When it comes to dealing with the elements, motorists are among the most wilfully oblivious people on the planet. No matter how bad it gets, you still find them out on the roads and highways, spinning, skidding and otherwise causing unnecessary trouble. “Nature never deceives us,” wrote philosopher Jean-Jacques Rousseau, summing up the predicament. “It is we who deceive ourselves.”
We, as in “we drivers” think we can handle it.
When the worst of a snowstorm is over, motorists face an ethical conundrum. I’m referring to the post-snow-event phenomenon known as “parking dibs.”
After a few feet of snow are dumped upon an unsuspecting city, its drivers begin the arduous task of digging out their street-parked vehicles. Once their vehicle has been excavated, the driver has a problem. They’ve just spent a lot of time and effort creating what looks like the snow foundation of a small house. It has four sides and an opening large enough for the car to pull out. The snowstorm wiped out street parking; it is at a premium. There isn’t much space, if any, to park. When the driver leaves their snow-encased parking spot there is no guarantee it will be unoccupied when they return.

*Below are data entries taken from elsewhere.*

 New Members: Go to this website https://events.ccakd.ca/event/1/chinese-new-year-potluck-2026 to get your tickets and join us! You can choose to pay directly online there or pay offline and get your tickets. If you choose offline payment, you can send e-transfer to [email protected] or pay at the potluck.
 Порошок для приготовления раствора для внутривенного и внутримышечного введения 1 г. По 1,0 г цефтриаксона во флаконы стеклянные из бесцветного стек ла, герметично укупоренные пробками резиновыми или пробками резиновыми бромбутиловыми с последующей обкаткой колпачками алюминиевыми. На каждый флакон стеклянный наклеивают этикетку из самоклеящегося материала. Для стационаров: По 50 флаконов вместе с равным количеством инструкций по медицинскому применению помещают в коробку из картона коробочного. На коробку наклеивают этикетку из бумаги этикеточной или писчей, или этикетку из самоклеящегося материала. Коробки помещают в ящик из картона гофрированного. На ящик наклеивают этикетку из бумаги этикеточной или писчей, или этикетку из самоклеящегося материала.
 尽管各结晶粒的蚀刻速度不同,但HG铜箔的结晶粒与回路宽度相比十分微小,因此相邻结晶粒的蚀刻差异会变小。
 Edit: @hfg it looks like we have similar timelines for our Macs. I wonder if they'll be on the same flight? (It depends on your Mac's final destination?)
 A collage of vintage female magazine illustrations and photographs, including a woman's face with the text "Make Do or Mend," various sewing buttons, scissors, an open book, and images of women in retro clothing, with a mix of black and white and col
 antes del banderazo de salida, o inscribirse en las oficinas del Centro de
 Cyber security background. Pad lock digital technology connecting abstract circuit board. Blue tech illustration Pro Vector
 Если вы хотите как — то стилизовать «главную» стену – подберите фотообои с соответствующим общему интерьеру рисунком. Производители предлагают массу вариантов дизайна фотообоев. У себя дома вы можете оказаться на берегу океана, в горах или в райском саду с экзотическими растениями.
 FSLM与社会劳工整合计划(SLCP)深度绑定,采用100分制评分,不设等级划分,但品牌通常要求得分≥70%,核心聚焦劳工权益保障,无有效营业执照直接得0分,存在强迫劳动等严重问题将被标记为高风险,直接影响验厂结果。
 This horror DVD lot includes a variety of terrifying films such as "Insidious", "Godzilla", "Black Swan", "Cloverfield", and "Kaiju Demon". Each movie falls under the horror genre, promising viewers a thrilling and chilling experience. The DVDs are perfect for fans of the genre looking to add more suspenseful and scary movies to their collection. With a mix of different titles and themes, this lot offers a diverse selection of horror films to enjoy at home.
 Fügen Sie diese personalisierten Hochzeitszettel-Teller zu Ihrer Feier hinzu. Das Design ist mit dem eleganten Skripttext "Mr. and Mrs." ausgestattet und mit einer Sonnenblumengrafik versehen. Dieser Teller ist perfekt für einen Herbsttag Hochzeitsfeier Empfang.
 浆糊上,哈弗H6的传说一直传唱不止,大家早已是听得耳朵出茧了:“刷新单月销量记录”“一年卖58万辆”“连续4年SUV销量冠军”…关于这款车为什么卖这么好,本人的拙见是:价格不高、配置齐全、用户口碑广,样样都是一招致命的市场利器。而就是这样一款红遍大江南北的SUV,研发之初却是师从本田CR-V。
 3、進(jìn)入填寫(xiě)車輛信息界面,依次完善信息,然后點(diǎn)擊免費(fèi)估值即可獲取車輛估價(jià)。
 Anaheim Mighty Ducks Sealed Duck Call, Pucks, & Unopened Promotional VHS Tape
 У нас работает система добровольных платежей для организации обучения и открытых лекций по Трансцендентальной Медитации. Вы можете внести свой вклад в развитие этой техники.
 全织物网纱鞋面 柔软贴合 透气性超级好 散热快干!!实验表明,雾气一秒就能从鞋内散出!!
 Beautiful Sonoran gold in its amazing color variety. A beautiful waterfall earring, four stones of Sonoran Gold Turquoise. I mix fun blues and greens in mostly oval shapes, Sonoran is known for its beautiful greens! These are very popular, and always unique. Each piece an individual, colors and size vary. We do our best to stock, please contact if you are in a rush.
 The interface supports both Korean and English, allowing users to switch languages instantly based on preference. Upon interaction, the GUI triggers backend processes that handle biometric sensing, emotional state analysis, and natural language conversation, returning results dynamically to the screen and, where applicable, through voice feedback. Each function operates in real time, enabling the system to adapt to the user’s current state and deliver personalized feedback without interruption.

Solution? Call “dibs.” Stick an old chair, a garbage container or a couple of plastic bins there. The driver has staked their claim. Dibsters can be creative. Chicagoan Adam Selzer once went so far as to freeze pairs of his pants and use them for parking dibs.
On the side streets of cities such as Boston, Pittsburgh and Chicago, parking dibs is tradition. In the Windy City, for instance, parking dibs is a tried-and-true practice, one the municipal government is trying to combat. After the city was hit with a huge snowfall in late January, Chicago alderman Ray Lopez had parking dibs markers removed. There were 829 city-wide complaints about parking dibs and nine truckloads of debris was picked up.
Parking dibs happens in Canada, but not to the same extent. Apart from the occasional orange cone or piece of lawn furniture, you don’t see it too often. This phenomenon is something I’ve pondered over the years. Chicago and Toronto are often said to be the most similar of American/Canadian cities. There are stark differences, of course, but as far as climate and snowfall are concerned, they are similar.
Why is parking dibs endemic in Chicago but uncommon in big Canadian cities?
Are we too nice? Too passive? Or are we too nasty? Are we too nicely, passively, nasty?
It depends on which side of the shovel you are on.
It’s likely that those Canadians who shovel their vehicles out believe that “parking dibs” is implied. There is no need to put out a lawn chair or a portable toilet to mark your territory. What sort of a classless oaf would occupy a spot they did not dig themselves?
Those who have been circling the block for 30 minutes in a snowstorm, searching for an open spot would have a different opinion. Parking dibs represents a selfish, entitled claim to public space. Parking dibs is an indictment of our capitalist system and should be challenged at every opportunity.
Notice that neither of these two groups crave confrontation.
The most likely explanation as to why parking dibs is not as Canadian as maple syrup, is that it simply hasn’t taken hold here. Parking dibs is caused by herd mentality. Once the first few pieces of lawn furniture are set out to claim spaces, it creates the perception of scarcity. Street parking spaces are being snatched up. If your neighbour is going to claim their spot with dibs, then you better claim yours. Parking dibs spreads like Dutch Elm disease.
Parking dibs has received academic attention from legal scholars. In 2001, Professor Richard A. Epstein (then at the University of Chicago) examined the practice in a working paper “The Allocation of the Commons: Parking and Stopping on the Commons.”
“It takes time and effort for anyone to dig out the spot. No one will therefore undertake this particular case unless he has some assurance that he will internalize the future gain from the activity. That gain will be too small if it is confined to the ability to use the parking space for a single time (just as it will not take place if it is known that the street will be promptly plowed and cleared). Hence what is observed is a trade-off not dissimilar to that found in the patent and copyright law. The initial digger of the spot is given a limited monopoly for its use – that is one that lasts only until the snow melts or is cleared away – as the quid pro quo for clearing out the space in the first place.”
Epstein, who is now a professor at New York University School of Law, argues that the scarcity created by the snow transforms property rights. “The rule of capture is modified to protect the return right over the local territory until the space itself disappears. Hunting seasons are obviously not involved, but the possession of the space lasts until the snow melts, or better, until the City carts away the snow from the block so as to make the exercise unnecessary.”
In essence, the knowledge that they will retain temporary rights (dibs) to their parking space motivates more people in Chicago to shovel, and as a result, creates more spaces. If there are no implied property rights, there is no reason to clear the snow.
Meanwhile, back in Canada, drivers are shovelling, griping and grappling with their snow-fort parking spots. We will shovel out our spots, assume that no one should use them and then grit our teeth when they do. No use of force required. A subdued “good morning” to the offending driver should send the message loud and clear that we are furious beyond all belief.